- Task statement -
Using the records that follow, reproduce exactly the lines starting at the line containing "- Bewegung: Steh" and ending at the line containing "村中心的屋子前,摆放着硕大的铜鼓,应该是村寨召集聚会或者集合退敌用的吧?". Include both end lines and no pictures.

*** Entries provided Section Begins ***

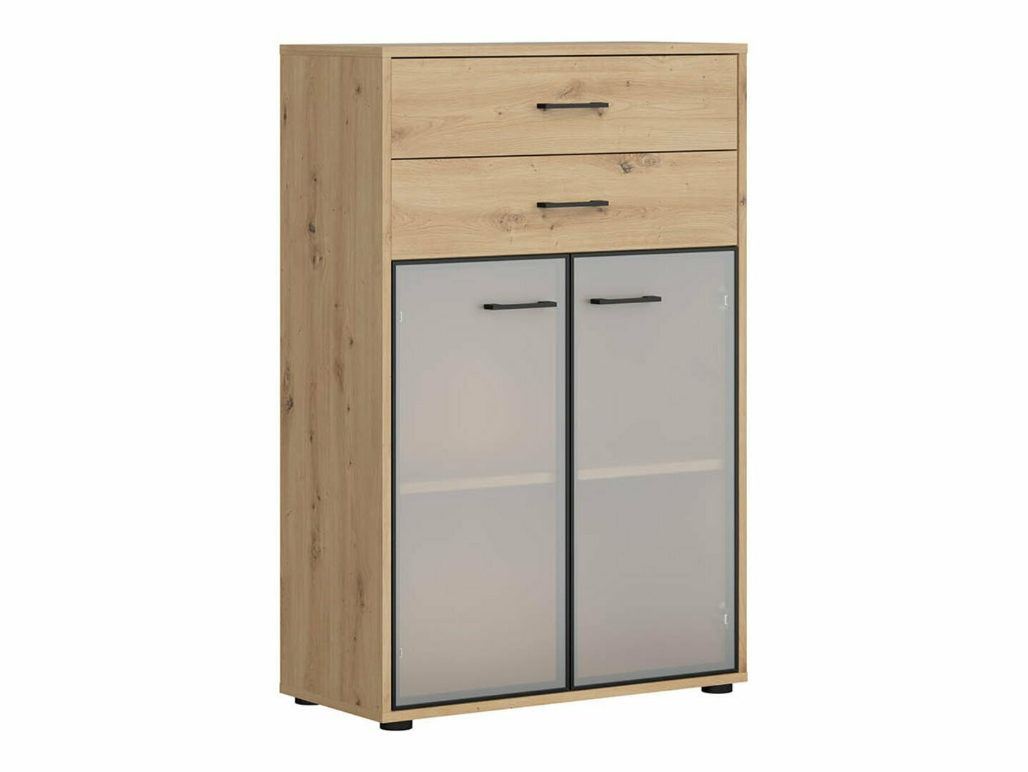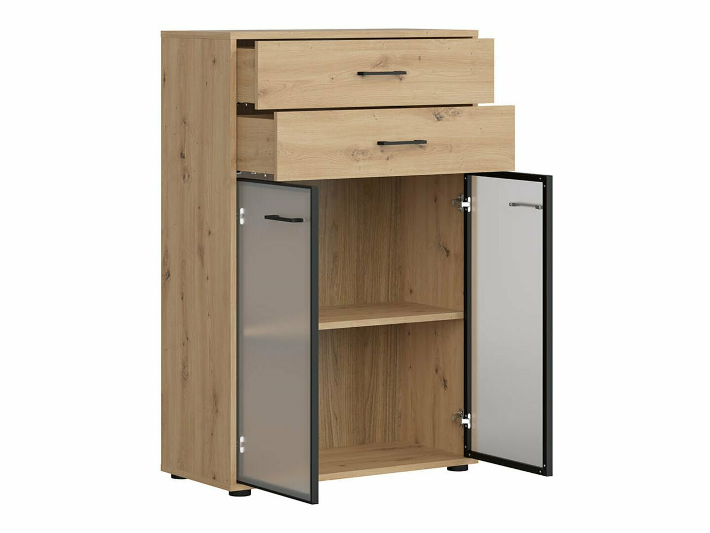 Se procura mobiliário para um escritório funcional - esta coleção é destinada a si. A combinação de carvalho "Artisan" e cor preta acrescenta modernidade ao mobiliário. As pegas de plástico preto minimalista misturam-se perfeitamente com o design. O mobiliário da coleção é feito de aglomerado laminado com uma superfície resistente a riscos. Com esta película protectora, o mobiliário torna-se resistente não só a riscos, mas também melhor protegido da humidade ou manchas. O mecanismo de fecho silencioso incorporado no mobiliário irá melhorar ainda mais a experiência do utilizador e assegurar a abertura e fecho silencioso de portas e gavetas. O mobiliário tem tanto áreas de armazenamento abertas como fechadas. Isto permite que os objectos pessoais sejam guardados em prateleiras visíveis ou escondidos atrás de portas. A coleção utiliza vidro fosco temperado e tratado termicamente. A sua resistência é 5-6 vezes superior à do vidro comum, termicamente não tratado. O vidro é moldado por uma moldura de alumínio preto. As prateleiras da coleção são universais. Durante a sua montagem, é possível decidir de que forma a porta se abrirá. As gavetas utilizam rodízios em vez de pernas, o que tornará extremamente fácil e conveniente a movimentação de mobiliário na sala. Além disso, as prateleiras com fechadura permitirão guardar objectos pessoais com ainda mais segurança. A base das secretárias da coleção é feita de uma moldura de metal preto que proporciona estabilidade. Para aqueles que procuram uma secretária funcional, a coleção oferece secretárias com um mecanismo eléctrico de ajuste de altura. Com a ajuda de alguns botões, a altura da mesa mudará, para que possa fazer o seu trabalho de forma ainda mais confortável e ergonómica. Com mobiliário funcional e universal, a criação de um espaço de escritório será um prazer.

*** Entries provided Section Ends ***
*** Entries provided Section Begins ***

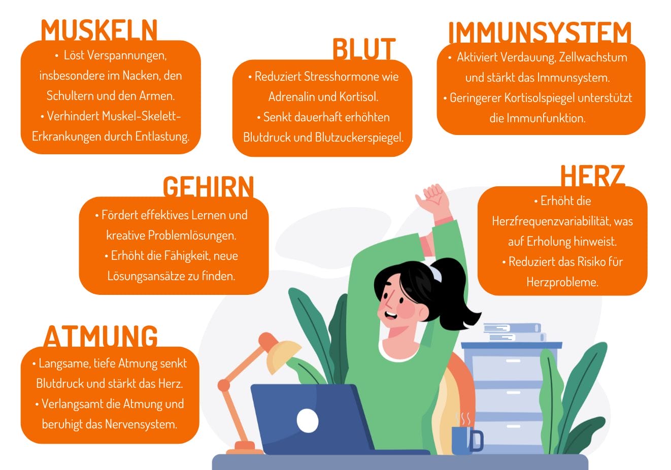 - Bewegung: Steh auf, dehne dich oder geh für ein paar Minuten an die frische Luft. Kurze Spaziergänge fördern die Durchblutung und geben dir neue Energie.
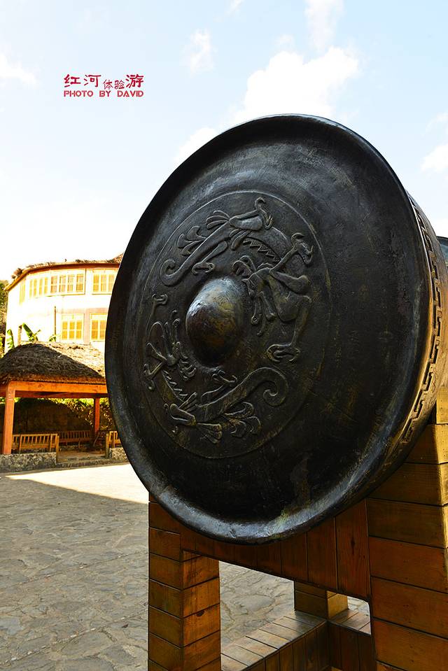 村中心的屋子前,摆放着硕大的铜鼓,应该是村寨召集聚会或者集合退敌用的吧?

*** Entries provided Section Ends ***

- Output -
 - Bewegung: Steh auf, dehne dich oder geh für ein paar Minuten an die frische Luft. Kurze Spaziergänge fördern die Durchblutung und geben dir neue Energie.
 村中心的屋子前,摆放着硕大的铜鼓,应该是村寨召集聚会或者集合退敌用的吧?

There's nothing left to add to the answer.